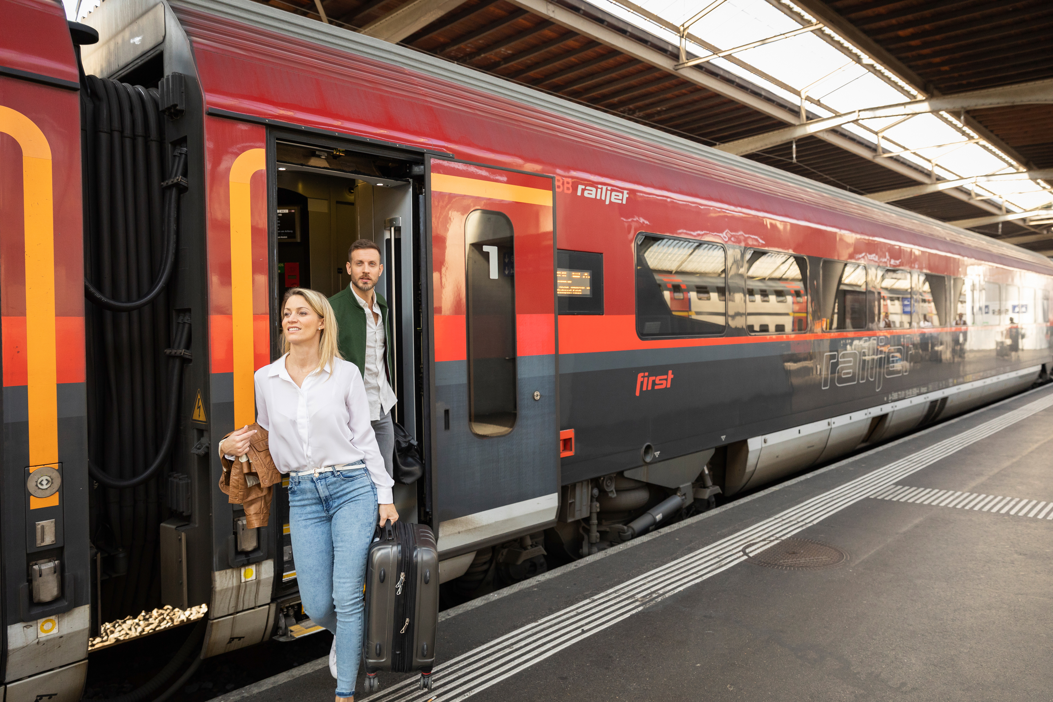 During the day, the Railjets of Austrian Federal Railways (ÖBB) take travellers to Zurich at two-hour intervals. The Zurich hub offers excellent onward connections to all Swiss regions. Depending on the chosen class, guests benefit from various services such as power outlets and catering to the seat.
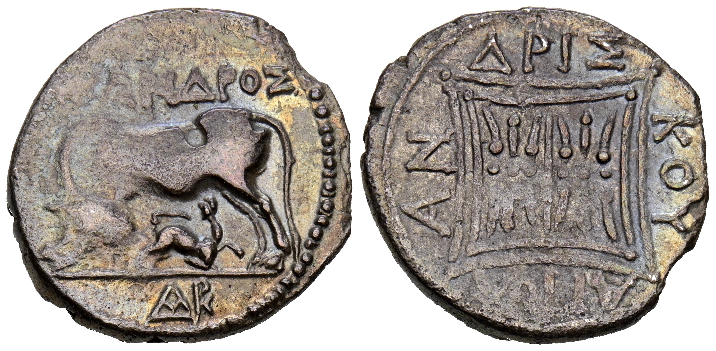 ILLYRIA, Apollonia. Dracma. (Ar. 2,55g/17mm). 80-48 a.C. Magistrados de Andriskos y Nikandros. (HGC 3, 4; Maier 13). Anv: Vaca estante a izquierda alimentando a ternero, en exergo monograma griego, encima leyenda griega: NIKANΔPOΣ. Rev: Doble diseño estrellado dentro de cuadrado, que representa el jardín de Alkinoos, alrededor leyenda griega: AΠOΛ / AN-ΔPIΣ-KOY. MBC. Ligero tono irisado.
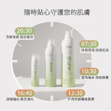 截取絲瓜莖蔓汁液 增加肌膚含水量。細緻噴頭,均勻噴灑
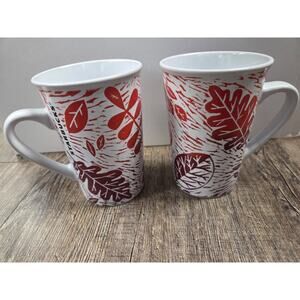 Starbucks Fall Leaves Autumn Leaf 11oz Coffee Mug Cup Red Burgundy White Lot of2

---+---

**WHAT YOU NEED TO DO**
Reproduce every line of the material above, but drop the pictures.

**RESPONSE TO THE TASK**
 During the day, the Railjets of Austrian Federal Railways (ÖBB) take travellers to Zurich at two-hour intervals. The Zurich hub offers excellent onward connections to all Swiss regions. Depending on the chosen class, guests benefit from various services such as power outlets and catering to the seat.
 ILLYRIA, Apollonia. Dracma. (Ar. 2,55g/17mm). 80-48 a.C. Magistrados de Andriskos y Nikandros. (HGC 3, 4; Maier 13). Anv: Vaca estante a izquierda alimentando a ternero, en exergo monograma griego, encima leyenda griega: NIKANΔPOΣ. Rev: Doble diseño estrellado dentro de cuadrado, que representa el jardín de Alkinoos, alrededor leyenda griega: AΠOΛ / AN-ΔPIΣ-KOY. MBC. Ligero tono irisado.
 截取絲瓜莖蔓汁液 增加肌膚含水量。細緻噴頭,均勻噴灑
 Starbucks Fall Leaves Autumn Leaf 11oz Coffee Mug Cup Red Burgundy White Lot of2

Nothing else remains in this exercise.